Tibia en cuanto al argumento, la novela se lee con gusto gracias a las peculiaridades de sus personajes y al estilo mediterráneo presente en cada una de las páginas del libro. No encontrarás aquí una historia demasiado oscura o cruda al estilo norteamericano o escandinavo. No. Aquí lo que retrata Manzini (y lo hace muy bien) es la sombra alargada de la picaresca mediterránea sobre la piel y nuestro particular baile al son de  los pecados veniales.

De eso sabe un rato el inspector Rocco Schiavone, más de ciudad que el propio asfalto, obsesionado con relacionar el físico de las personas que le rodean con animales y cuyo destierro a un lugar que él considera poco sofisticado es un peldaño más en su personal escala de tocada de cojones,  donde el top ten de mortificación para él es tener un caso para resolver. Y para eso es precisamente para lo que le llaman. Para enfrentarse a la resolución de un crimen.

Un auténtico Grinch políticamente incorrecto, este investigador cumple al dedillo con todas las características del cliché italianini : colérico de temperamento gaseosero , corrupto, amante de la buena mesa y de las mujeres que lleva hasta las últimas consecuencias su atuendo “antes muerto que sencillo” que proporciona alguno de los momentos más hilarantes de la historia. Por si esto fuera poco, sus métodos de investigación no están precisamente muy cercanos a lo que exige la ley, aunque le resultan eficaces. Una joyita, vamos.  
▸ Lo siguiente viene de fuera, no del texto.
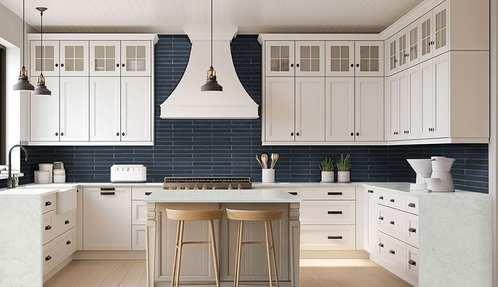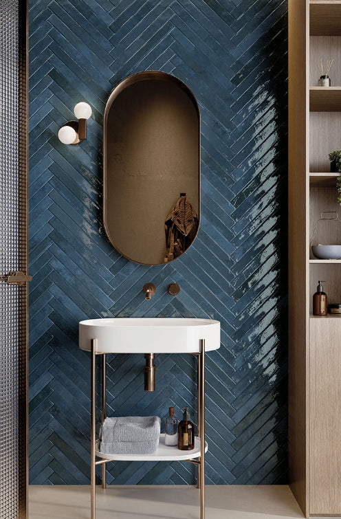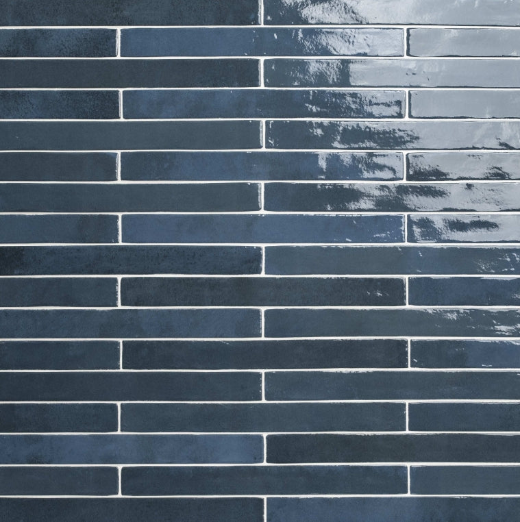 Elevate your space with the chic midnight hues of Hale Navy porcelain tiles. These elongated 2" x 18" tiles showcase a breathtaking glossy finish adorned with captivating highlights of deep navy and regal blue, creating a striking presence in any environment. Versatile and resilient, these tiles present numerous installation possibilities, whether arranged horizontally, vertically, or in sophisticated herringbone patterns. Ideal for both floor and wall embellishments, including expansive backsplashes, captivating fireplace surrounds, and enchanting waterfall facades, they seamlessly complement residential and commercial interiors and exteriors alike.

Pero Manzini también presenta una parte de su personalidad menos dura, más sensible (presente por ejemplo en su actuación frente a los inmigrantes ilegales africanos) y cuajada de fantasmas. Un retrato que funciona muy bien porque al leer ciertos pasajes te entran ganas de recoger al pobre Schiavone, cual perrito Tristón, bajo tu protección para darle aliento y consuelo.

Sinopsis editorial


A consecuencia de un turbio incidente con el hijo de un poderoso político, Rocco Schiavone, subjefe de la policía de Roma, ha sido «desterrado» a una pequeña ciudad del valle de Aosta, en los Alpes italianos. Para un romano sofisticado y amante de la buena vida, no es la mejor noticia. El frío, las botas de nieve y el provincianismo de los autóctonos estimulan la natural tendencia de Rocco a las malas pulgas, así que, visto el panorama, un caso difícil le vendría de maravilla.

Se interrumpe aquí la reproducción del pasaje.